:: Exercise description ::
Only these lines of the data below are wanted: the one with "36mm 18K yellow", the one with "Саморез для гипсокартона", and any lines between them, each repeated exactly.

* * * *

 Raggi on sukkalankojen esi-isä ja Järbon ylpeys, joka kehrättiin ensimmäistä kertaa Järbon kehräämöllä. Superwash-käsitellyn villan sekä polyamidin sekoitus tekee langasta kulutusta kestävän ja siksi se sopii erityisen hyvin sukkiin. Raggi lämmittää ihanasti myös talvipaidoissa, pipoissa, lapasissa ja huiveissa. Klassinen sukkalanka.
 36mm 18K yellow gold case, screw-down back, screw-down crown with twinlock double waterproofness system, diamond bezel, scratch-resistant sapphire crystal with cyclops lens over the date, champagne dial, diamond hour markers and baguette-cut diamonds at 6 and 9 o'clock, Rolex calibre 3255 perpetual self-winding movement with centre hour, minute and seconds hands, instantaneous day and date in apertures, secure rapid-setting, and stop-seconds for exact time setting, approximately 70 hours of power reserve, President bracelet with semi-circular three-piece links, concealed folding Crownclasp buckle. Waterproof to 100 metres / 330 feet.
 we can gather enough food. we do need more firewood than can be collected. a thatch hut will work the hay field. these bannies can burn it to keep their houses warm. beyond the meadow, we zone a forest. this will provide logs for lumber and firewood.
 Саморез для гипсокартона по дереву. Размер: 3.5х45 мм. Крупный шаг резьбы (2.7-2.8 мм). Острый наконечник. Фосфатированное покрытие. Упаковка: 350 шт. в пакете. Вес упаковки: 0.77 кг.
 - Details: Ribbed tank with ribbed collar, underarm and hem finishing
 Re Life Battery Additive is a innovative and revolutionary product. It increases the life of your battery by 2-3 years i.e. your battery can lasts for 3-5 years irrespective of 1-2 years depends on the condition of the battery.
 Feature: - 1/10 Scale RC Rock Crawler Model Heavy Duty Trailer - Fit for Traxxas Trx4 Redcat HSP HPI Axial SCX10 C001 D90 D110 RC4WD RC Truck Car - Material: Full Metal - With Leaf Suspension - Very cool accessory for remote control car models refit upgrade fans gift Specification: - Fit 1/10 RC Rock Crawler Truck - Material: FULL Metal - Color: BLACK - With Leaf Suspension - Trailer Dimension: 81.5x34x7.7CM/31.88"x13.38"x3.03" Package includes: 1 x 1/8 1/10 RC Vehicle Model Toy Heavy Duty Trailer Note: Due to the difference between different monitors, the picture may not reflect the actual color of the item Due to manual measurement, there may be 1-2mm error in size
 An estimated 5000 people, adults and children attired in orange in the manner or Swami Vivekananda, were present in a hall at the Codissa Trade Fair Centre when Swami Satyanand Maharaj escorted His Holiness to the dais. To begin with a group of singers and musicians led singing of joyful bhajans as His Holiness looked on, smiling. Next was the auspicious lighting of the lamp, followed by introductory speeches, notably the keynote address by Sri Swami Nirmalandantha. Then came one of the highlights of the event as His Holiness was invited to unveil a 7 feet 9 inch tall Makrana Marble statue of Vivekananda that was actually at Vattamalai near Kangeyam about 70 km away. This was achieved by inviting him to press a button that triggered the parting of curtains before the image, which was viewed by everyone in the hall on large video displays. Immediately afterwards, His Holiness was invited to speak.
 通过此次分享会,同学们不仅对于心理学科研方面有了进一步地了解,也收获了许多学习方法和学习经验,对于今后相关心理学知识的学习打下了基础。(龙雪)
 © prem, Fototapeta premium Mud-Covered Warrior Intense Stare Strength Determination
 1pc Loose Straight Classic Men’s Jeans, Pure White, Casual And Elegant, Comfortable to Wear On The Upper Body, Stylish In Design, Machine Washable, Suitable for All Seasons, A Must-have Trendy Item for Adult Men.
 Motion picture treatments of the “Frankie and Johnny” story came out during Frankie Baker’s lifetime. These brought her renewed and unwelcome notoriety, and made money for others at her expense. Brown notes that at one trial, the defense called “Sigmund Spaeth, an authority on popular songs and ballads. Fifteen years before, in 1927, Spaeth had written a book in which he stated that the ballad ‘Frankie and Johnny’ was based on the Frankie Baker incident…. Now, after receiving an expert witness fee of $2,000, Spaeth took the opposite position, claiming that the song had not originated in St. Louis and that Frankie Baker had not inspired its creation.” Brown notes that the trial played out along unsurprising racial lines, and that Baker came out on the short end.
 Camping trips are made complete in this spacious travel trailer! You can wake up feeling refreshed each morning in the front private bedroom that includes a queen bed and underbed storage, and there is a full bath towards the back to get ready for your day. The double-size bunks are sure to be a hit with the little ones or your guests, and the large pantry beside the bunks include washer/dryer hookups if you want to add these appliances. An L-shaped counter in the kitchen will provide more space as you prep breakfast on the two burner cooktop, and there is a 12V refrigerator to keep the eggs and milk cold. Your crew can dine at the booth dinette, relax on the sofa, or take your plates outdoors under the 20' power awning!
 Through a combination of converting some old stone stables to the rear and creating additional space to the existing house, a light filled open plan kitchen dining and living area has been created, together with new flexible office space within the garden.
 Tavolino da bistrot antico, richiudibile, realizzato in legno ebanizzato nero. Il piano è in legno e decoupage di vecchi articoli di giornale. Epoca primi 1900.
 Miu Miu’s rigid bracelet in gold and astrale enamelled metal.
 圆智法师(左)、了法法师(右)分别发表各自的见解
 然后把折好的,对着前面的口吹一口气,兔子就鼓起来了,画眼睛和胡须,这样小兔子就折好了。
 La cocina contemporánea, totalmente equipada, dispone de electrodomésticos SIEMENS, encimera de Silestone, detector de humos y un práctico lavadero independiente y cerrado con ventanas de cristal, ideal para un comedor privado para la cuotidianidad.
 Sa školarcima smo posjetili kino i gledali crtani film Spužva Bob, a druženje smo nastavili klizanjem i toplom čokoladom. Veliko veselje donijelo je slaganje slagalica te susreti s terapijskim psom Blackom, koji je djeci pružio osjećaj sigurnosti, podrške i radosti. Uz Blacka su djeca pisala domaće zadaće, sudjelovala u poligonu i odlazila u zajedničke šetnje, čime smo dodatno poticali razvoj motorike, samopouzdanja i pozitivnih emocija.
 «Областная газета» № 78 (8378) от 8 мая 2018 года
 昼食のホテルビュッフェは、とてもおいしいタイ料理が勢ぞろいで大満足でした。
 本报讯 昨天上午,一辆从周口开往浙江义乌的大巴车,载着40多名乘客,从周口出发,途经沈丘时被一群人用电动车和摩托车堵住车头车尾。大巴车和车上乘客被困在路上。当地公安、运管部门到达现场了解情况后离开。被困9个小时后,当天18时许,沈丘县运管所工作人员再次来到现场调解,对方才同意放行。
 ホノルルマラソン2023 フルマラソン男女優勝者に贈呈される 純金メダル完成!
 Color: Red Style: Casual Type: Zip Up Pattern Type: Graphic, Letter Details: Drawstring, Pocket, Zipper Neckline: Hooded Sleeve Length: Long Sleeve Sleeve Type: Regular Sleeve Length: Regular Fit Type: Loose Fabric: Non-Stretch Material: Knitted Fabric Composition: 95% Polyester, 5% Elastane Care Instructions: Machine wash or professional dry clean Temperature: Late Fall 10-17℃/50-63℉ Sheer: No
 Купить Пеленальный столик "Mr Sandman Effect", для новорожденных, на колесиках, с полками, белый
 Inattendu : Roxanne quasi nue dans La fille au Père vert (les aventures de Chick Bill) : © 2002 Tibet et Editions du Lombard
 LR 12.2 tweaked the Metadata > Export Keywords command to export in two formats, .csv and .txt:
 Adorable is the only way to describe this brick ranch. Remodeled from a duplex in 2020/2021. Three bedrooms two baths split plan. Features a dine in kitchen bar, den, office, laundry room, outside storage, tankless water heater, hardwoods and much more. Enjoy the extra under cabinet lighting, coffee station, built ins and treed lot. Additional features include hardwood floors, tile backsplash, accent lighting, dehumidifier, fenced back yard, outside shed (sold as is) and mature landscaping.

* * * *

:: Answer space ::
 36mm 18K yellow gold case, screw-down back, screw-down crown with twinlock double waterproofness system, diamond bezel, scratch-resistant sapphire crystal with cyclops lens over the date, champagne dial, diamond hour markers and baguette-cut diamonds at 6 and 9 o'clock, Rolex calibre 3255 perpetual self-winding movement with centre hour, minute and seconds hands, instantaneous day and date in apertures, secure rapid-setting, and stop-seconds for exact time setting, approximately 70 hours of power reserve, President bracelet with semi-circular three-piece links, concealed folding Crownclasp buckle. Waterproof to 100 metres / 330 feet.
 we can gather enough food. we do need more firewood than can be collected. a thatch hut will work the hay field. these bannies can burn it to keep their houses warm. beyond the meadow, we zone a forest. this will provide logs for lumber and firewood.
 Саморез для гипсокартона по дереву. Размер: 3.5х45 мм. Крупный шаг резьбы (2.7-2.8 мм). Острый наконечник. Фосфатированное покрытие. Упаковка: 350 шт. в пакете. Вес упаковки: 0.77 кг.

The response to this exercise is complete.